▶ [GIVEN RECORDS]:
/---
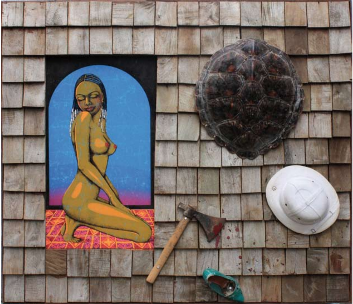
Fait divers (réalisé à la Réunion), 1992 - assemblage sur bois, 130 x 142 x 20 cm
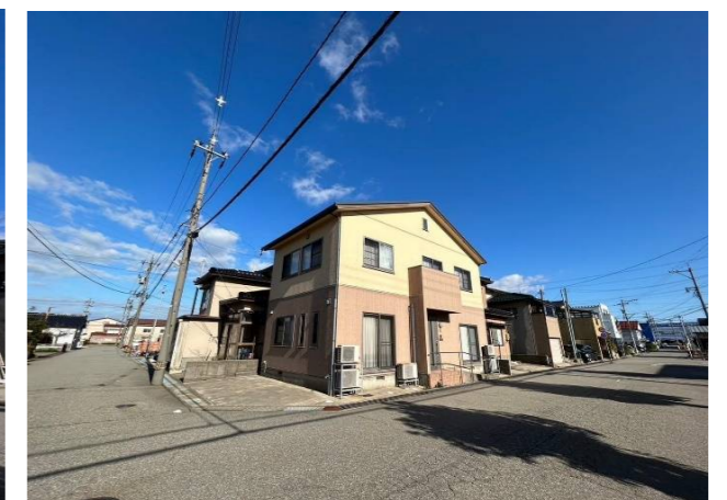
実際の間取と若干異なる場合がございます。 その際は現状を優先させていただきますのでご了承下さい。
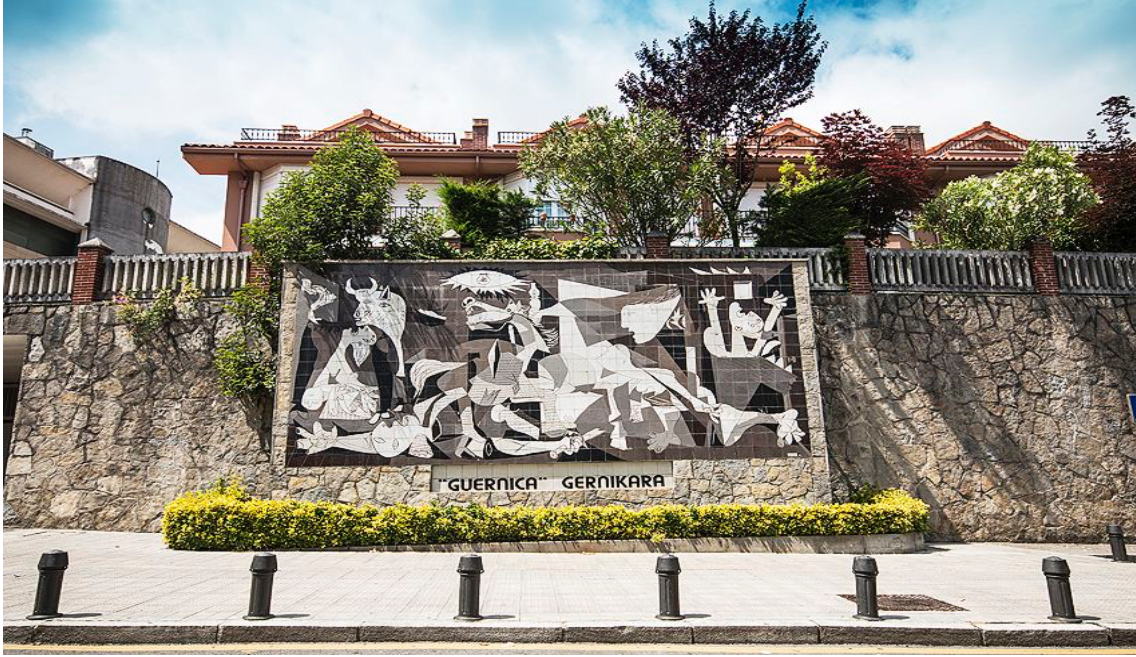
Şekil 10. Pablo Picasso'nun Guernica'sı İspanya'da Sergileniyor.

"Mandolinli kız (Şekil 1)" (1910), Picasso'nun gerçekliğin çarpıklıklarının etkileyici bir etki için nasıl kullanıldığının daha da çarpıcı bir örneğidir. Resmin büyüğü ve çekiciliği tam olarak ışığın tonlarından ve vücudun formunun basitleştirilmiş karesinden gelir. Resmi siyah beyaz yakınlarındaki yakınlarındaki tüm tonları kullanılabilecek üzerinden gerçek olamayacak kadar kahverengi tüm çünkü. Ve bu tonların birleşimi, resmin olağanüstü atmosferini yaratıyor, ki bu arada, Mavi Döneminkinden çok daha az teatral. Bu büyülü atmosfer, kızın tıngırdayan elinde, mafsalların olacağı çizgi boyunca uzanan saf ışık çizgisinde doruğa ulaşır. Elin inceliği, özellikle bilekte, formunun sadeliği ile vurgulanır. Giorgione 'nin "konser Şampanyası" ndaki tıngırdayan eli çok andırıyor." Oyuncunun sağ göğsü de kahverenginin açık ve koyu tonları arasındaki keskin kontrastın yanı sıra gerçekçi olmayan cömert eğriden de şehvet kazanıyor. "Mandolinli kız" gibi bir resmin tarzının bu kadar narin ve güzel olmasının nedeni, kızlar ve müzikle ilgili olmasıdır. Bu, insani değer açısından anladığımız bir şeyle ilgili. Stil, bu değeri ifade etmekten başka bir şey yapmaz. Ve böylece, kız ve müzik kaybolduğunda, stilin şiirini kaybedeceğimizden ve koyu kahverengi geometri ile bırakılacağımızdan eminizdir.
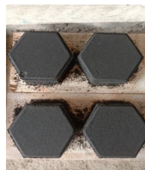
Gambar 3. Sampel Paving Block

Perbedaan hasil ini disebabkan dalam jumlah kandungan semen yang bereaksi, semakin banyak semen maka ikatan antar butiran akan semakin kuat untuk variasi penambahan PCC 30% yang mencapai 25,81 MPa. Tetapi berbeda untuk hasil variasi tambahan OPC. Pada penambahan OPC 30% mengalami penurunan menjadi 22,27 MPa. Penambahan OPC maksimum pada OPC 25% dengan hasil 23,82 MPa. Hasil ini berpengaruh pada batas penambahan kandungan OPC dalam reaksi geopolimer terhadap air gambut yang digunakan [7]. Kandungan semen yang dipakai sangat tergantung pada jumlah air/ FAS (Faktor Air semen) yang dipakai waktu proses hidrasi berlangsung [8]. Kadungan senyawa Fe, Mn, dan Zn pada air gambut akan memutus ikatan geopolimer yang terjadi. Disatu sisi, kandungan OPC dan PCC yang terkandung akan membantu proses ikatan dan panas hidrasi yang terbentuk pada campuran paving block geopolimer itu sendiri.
\---
▶ [WHAT IS REQUIRED]: Range to copy from the listing above: the line with "実際の間取と若干異なる場合が" through the line with "Şekil 10. Pablo". Transcribe it exactly and skip the pictures.

▶ [EXERCISE OUTPUT]:
実際の間取と若干異なる場合がございます。 その際は現状を優先させていただきますのでご了承下さい。
Şekil 10. Pablo Picasso'nun Guernica'sı İspanya'da Sergileniyor.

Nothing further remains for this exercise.